I'm looking for any works of long-form fiction where the protagonist or majority of the action action turned out to be within a coma or some kind of "personal internal world" around or post-death.

I know this is a relatively common trope and I'm hoping to subvert that slightly in something I'm currently producing, but to do so I need to be sure I'm not retreading the exact same ground as other works.

A prominent example from recent years would be LOST, an earlier one would be Jacob's Ladder. But what else?
posted by tzb to Society & Culture (46 answers total) 6 users marked this as a favorite
 
Iain Banks' The Bridge, I dare say.
posted by Tomorrowful at 12:37 PM on January 18, 2013 [2 favorites]


The Lovely Bones by Alice Sebold.
posted by kimdog at 12:40 PM on January 18, 2013 [2 favorites]


The Sixth Sense
posted by scody at 12:41 PM on January 18, 2013 [1 favorite]


One subversion - "He was alive the whole time" - is The Eye, by Vladimir Nabokov.
posted by Rustic Etruscan at 12:42 PM on January 18, 2013


Best answer: TV Tropes has you covered.
posted by jbickers at 12:44 PM on January 18, 2013 [3 favorites]


Passage by Connie Willis (not the whole time, though).
posted by Kriesa at 12:45 PM on January 18, 2013 [1 favorite]


As usual, TVTropes provides: Dead All Along.
posted by maqsarian at 12:45 PM on January 18, 2013 [1 favorite]


The excellent UK TV series Life On Mars and its follow up, Ashes To Ashes.
posted by fearnothing at 12:45 PM on January 18, 2013 [3 favorites]

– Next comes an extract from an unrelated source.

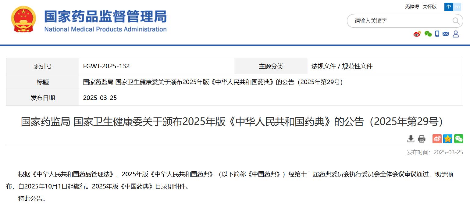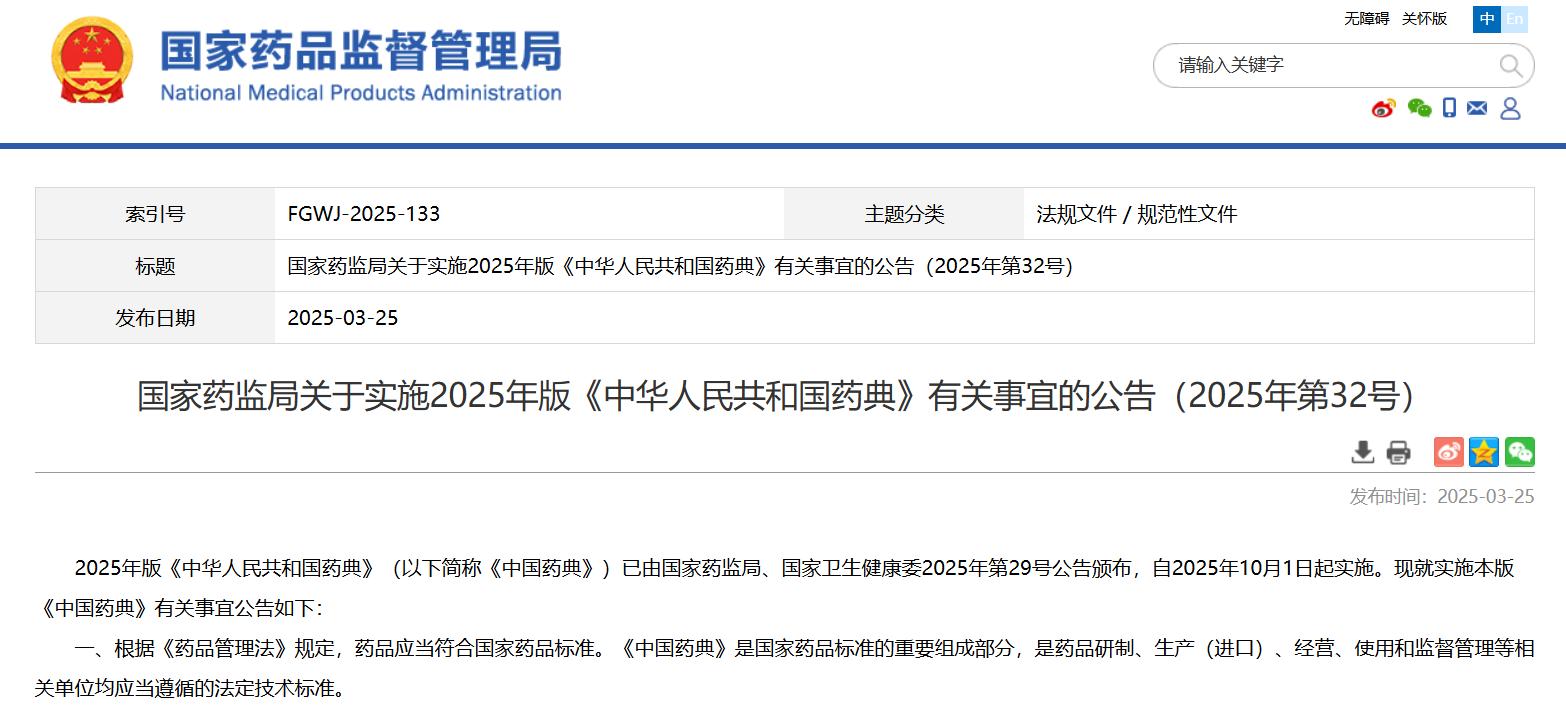 國(guó)家藥監(jiān)局關(guān)于實(shí)施2025年版《中華人民共和國(guó)藥典》有關(guān)事宜的公告(2025年第32號(hào))

Dennis Thatcher in The Iron Lady.
posted by MuffinMan at 12:45 PM on January 18, 2013 [2 favorites]


Best answer: The classic source for this is An Occurrence at Owl Creek Bridge.
posted by googly at 12:46 PM on January 18, 2013 [2 favorites]


Oh, and a somewhat trash teen novel that I read and reread in middle school, Remember Me by Christopher Pike.
posted by Kriesa at 12:48 PM on January 18, 2013


Maybe I'm confused - how does LOST pertain to your question?
posted by peep at 12:51 PM on January 18, 2013


I think it's a fever or something rather than a coma, but Marabou Stork Nightmares by Irvine Welsh might fit the bill.
posted by col_pogo at 12:54 PM on January 18, 2013


Ubik. Probably the best one.
posted by rr at 12:55 PM on January 18, 2013 [3 favorites]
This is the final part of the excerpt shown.